The Australian mining company sought help from the World Bank arbitration tribunal in 2012, and it ruled against Pakistan in 2017, rejecting an earlier decision by the Supreme Court of Pakistan. The tribunal opted to use a formula for calculating damages for the canceled lease based on the assumed profits Tethyan might have earned from the mine over 56 years. In July 2019, the tribunal slapped a whopping $5.97 billion award against Pakistan for denying the mining lease to the Australian company. The award, of nearly $6 billion, including the damages award and interest, is equal to about two percent of Pakistan's GDP. Immediately thereafter, the TCC had commenced proceedings for the enforcement of the award. In November 2019, Pakistan had challenged the award and initiated proceedings seeking its annulment. In March 2021, the Auditor General of Pakistan (AGP) office announced that it had filed a request on November 8, 2019, for the annulment of the award rendered by the ICSID on July 12, 2019. Alongside the plea for annulment, Pakistan had also requested a provisional stay on the enforcement of the award issued against the country on November 18, 2019. Pakistan was granted the provisional stay upon initiating annulment proceedings after which a hearing to confirm the stay order took place over ‘video link’ in April this year. On September 16, 2020, the tribunal finally ruled in favour of Pakistan, confirming the stay on the enforcement of the award. The ICSID is still considering Pakistan's appeal against the penalty over its decision to cancel the Reko Diq mining lease for the TTC and a final hearing will take place in May 2021.

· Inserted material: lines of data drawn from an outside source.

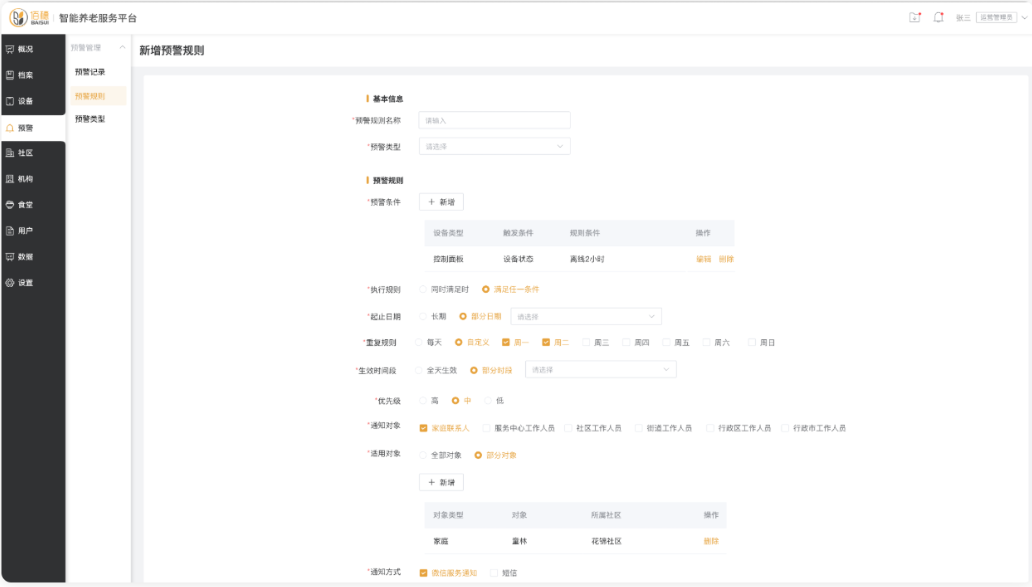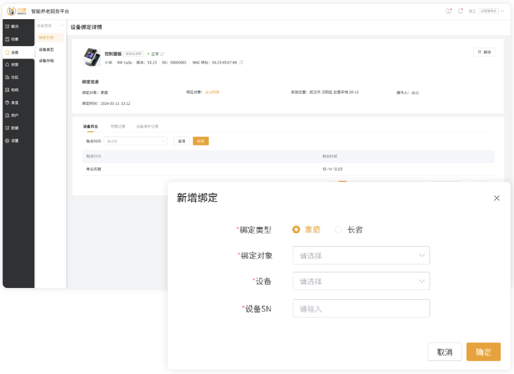 可實(shí)時(shí)采集設(shè)備連接狀態(tài)與運(yùn)行狀態(tài)數(shù)據(jù)。無論是設(shè)備的在線/離線情況,還是運(yùn)行中的各項(xiàng)參數(shù)指標(biāo),都能精準(zhǔn)掌握。以便及時(shí)發(fā)現(xiàn)設(shè)備異常,快速定位問題,確保智能設(shè)備始終處于良好工作狀態(tài),為養(yǎng)老服務(wù)提供可靠支撐。
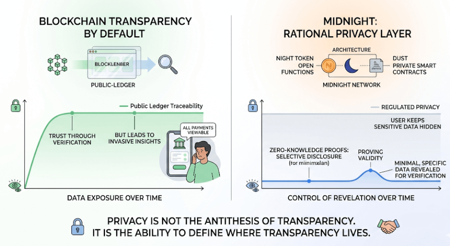The concept of rational privacy on part of Midnight began to gain grounds. It does not involve secrecy of data. It has to do with the regulation of the revelation. Zero knowledge proofs can be used by the system to verify that something is true without revealing the underlying information on it. It is technical in sound and also the concept is simple. You prove what matters. You keep the rest to yourself.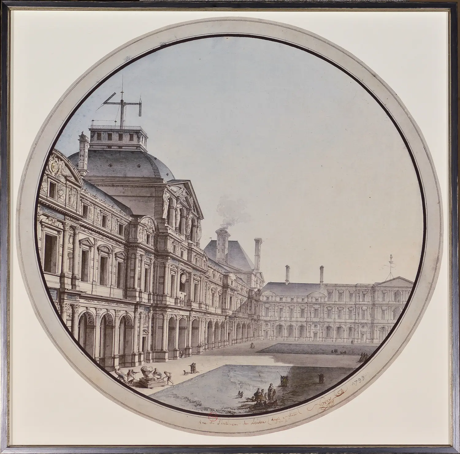 A finely detailed, historical etching of the interior courtyard of the historic Louvre in Paris from 1799 in an unusual circular composition.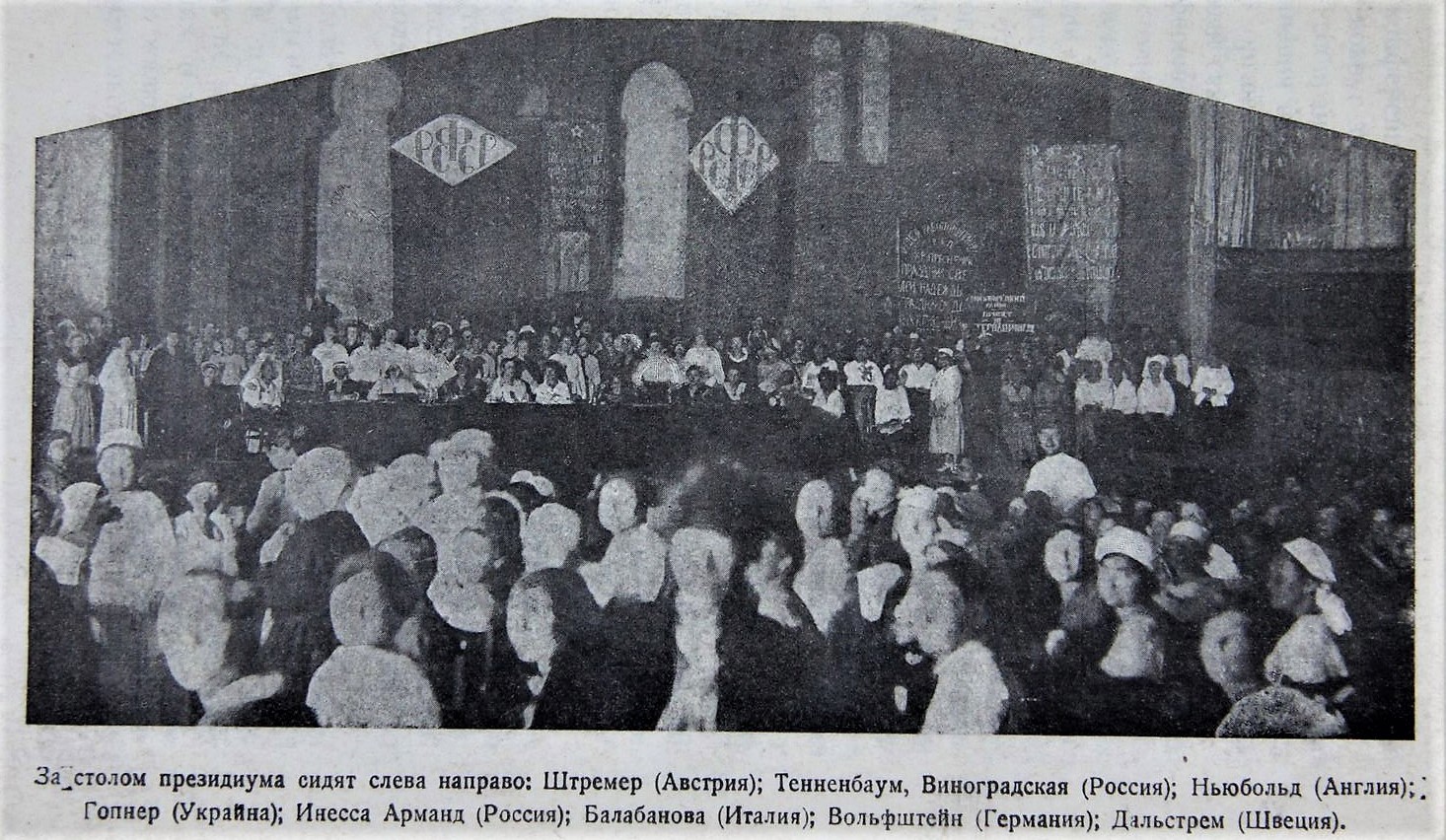 This theses was worked out in the months before the Comintern meeting by the Women’s International Secretariat of the International; Clara Zetkin, Hertha Sturm, Lucie Colliard, Alexandra Kollontai, Zlata Lilina (wife of Zinoviev), and Varvara Kasparova and debated at the 2nd International Communist Women’s Congress, attended by 82 delegates from 28 countries. Other participants in the Secretariat included Krupsakaya, Rose Bloch, and Henrietta Holt. Presented in a marvelous speech by Zetkin, this theses was Adopted at the 20th Session of the Third Congress of the Communist International held in Moscow on July 8th, 1921.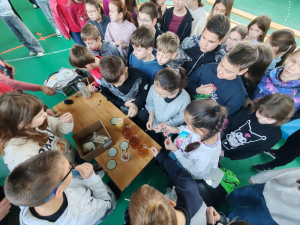 Mézes-méhes interaktív óra Írta: Szaszki-Farkas Gabriella Hírek 108 November 20-án az 5. évfolyam egy rendhagyó foglalkozáson vehetett részt, amelynek főszereplői a méhek voltak. Ragadics Nándor látogatta meg iskolánk tanulóit. Volt pedagógus kollégánk, ahogy a gyerekek hívják, Nándi bácsi, testközelből ismeri a méhek minden titkát, hiszen maga is méhész. Adott volt tehát, hogy a gyerekek egy olyan ember szemén keresztül ismerjék meg a méheket, aki nap mint nap találkozik velük és gondoskodik róluk. A méhek fontos szereplői az emberek uralta világnak, és egyre nagyobb hangsúlyt kell fektetnünk a védelmükre mint fő beporzó fajokra. A hideg beköszöntével egyre többen fogyasztunk mézet, ami az egyik legfontosabb természetes immunerősítő forrásunk. A mézelő méheknek nagyon sok energiájukba kerül előállítani 1 kg mézet, aminek mi jótékony hatását élvezhetjük. Sajnos a globális felmelegedés és az emberi tevékenység következtében az ő létezésük is veszélybe került. Szó volt arról is, hogyan épül fel a méhek társadalma és hogyan készül a méz. Ilyen és ehhez hasonló témákról beszélgettek a tanulók Nándi bácsival, aki a foglalkozás végén kóstolót is tartott a gyerekeknek. Köszönjük ezúton is neki az előadást és a bemutatót! https://www.facebook.com/media/set/?vanity=kozponti.net&set=a.1705745704052834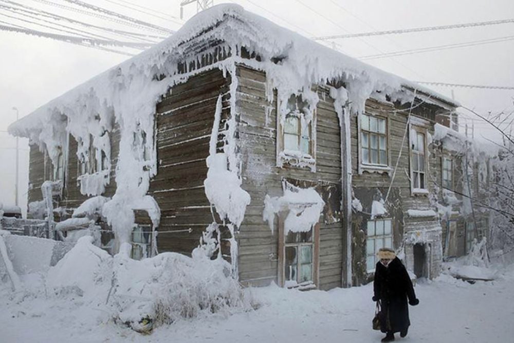 Welcome to the coldest permanently inhabited place on Earth, where winter temperatures regularly drop to -58°F and the record low hit a staggering -96.16°F in 1924. About 500 hardy souls live in this Siberian village, where car engines must run continuously during winter months or they’ll freeze solid.
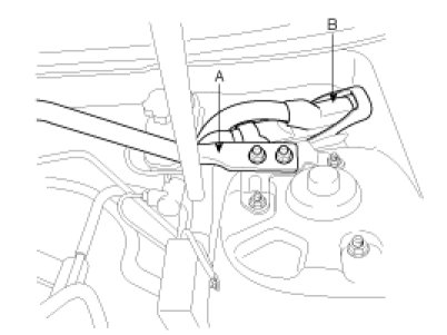 6. Disconnect the brake tube (B) from the master cylinder by loosening the tube flare nut.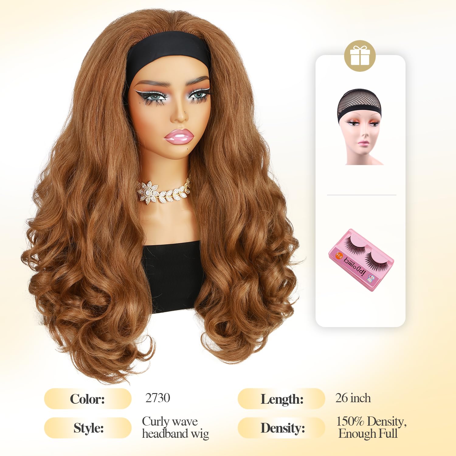 - Fashion & New Style: This headband wig innovates in hair curvature while retaining the classic hairstyle.Wig curls are long-lasting and natural,silky and soft, tangle-free, no shedding. Elastic ice silk headband is soft and comfortable, you can show your own hairline, you can also do baby hair, or make a ponytail or bun, which will make you get different beauty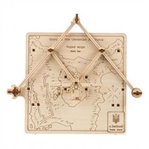 За допомогою системи на кшталт пантографа ви можете пересувати Байрактар над картою острова. На зворотній стороні моделі розміщено ніжки, щоб ви могли поставити свою механічну картину на видне місце і насолоджуватися нею разом із членами родини та друзями.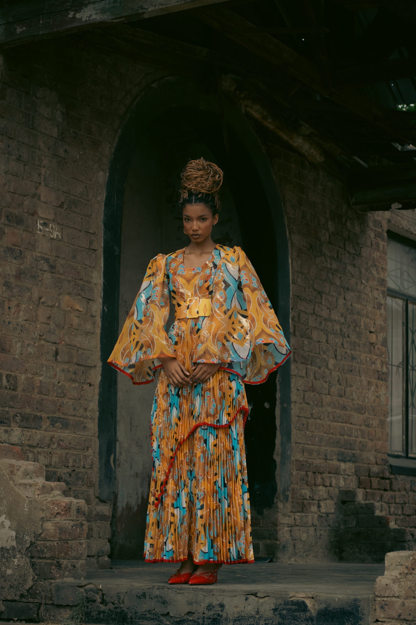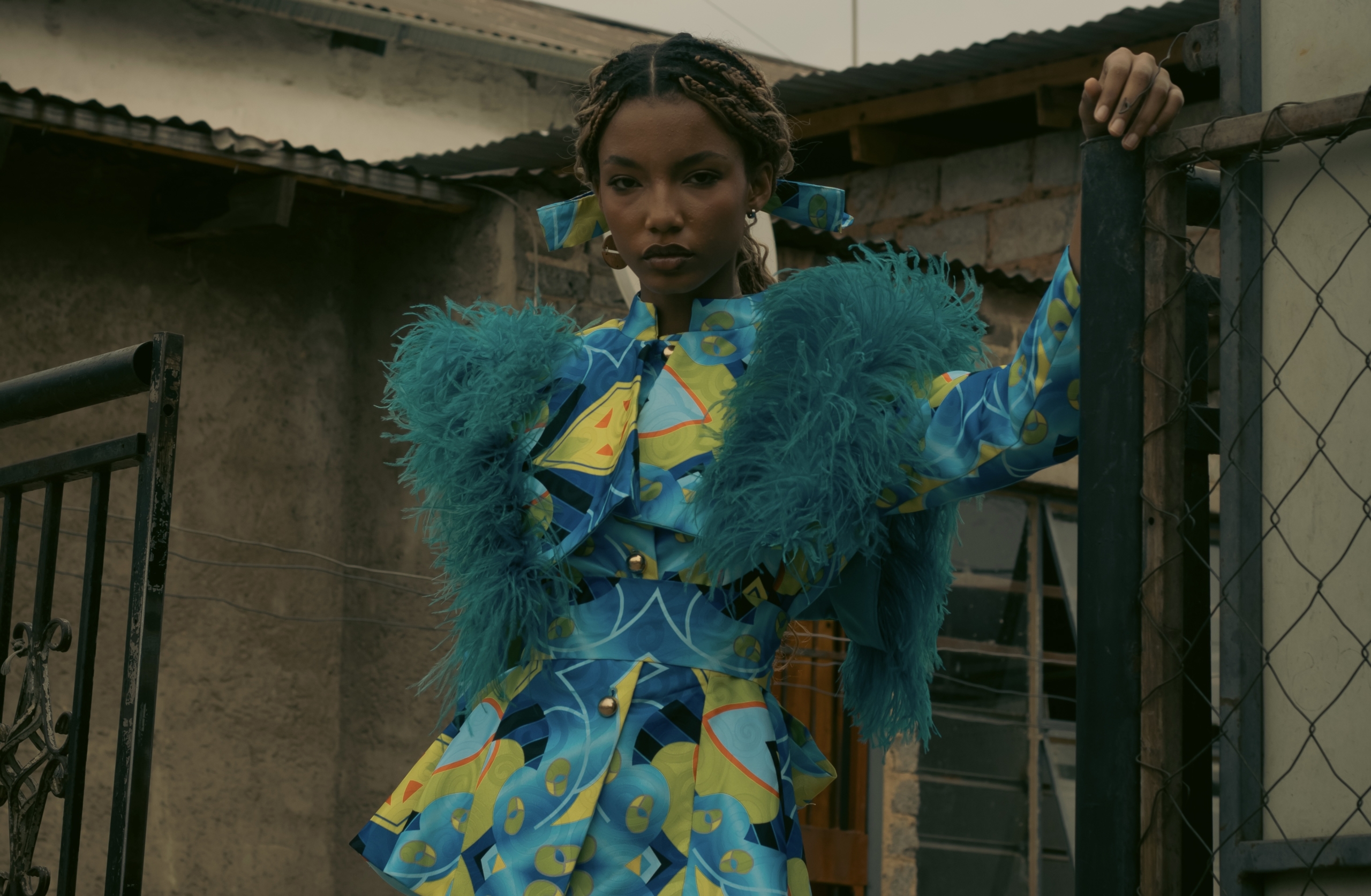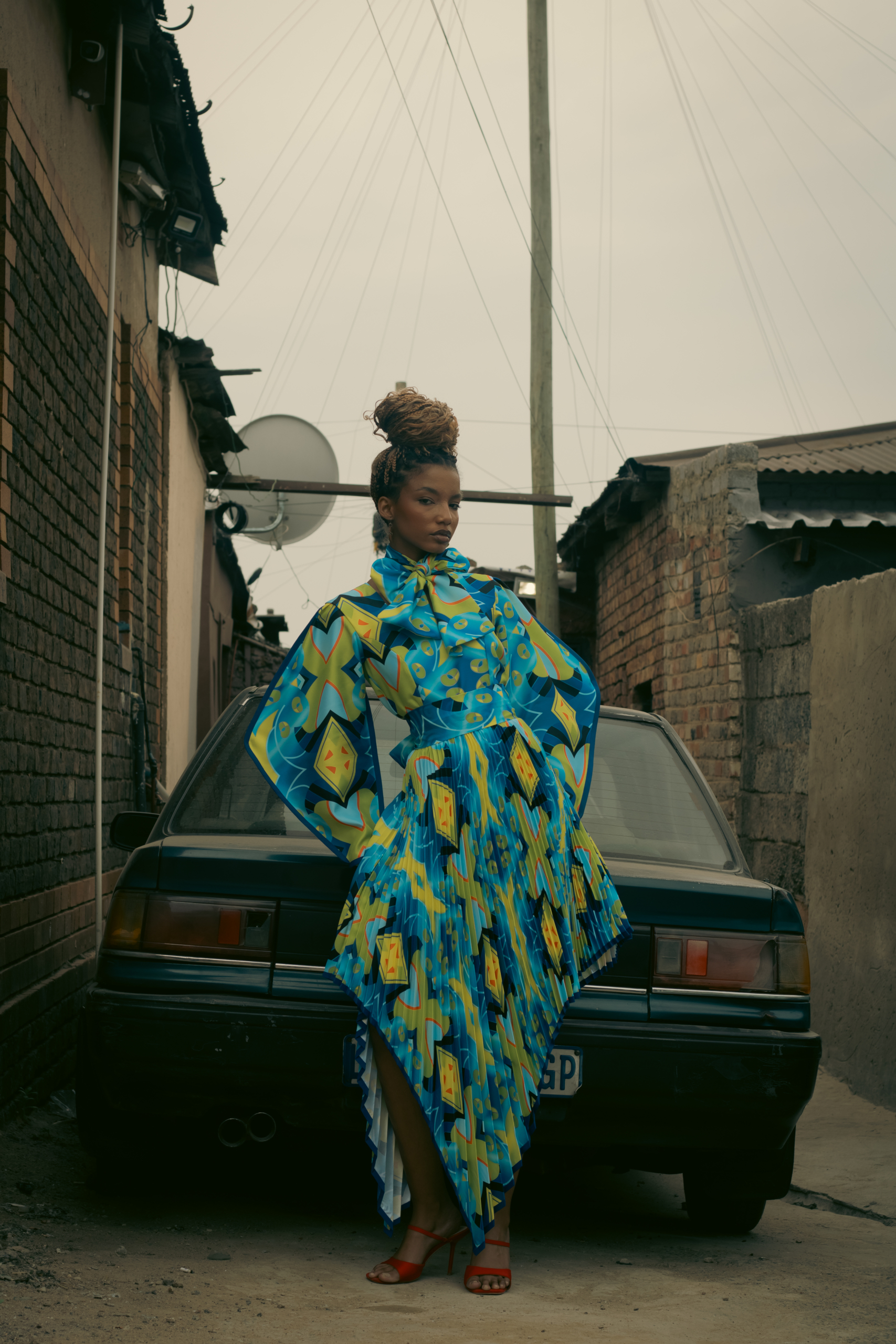 • Details that honour township ingenuity—pleats, wraps, headpieces—while presenting them in the language of high fashion.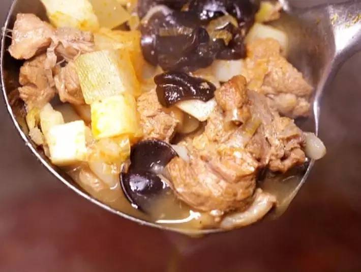 新鮮牛骨羊骨雞骨熬兩個(gè)多小時(shí),直到湯色泛白出現(xiàn)黏黏膠質(zhì),才能倒入臊子中。蘿卜、土豆和木耳的加入,也豐富了臊子口感。做好的臊子湯色紅潤香氣撲鼻,這才是一碗臊子面的靈魂。

Two members of the United States House of Representatives called on Field Marshal Syed Asim Munir, the Chief of Army Staff and Chief of Defence Forces, at the General Headquarters in Rawalpindi. The visit came as Washington moved to deepen its involvement in Balochistan's mineral sector. In December 2025, the US Export-Import Bank approved $1.25 billion in financing tied to the Reko Diq copper and gold project ;one of the largest US financing decisions in Pakistan's minerals sector; which US officials said could unlock up to $2 billion in American mining equipment and services and generate thousands of jobs in both countries. Reko Diq, in Chagai district near the Iran border, is a joint venture between Canada's Barrick Gold and the Pakistani federal and provincial governments, with production targeted for 2028; Saudi Arabia's Manara Minerals has signalled interest in a stake.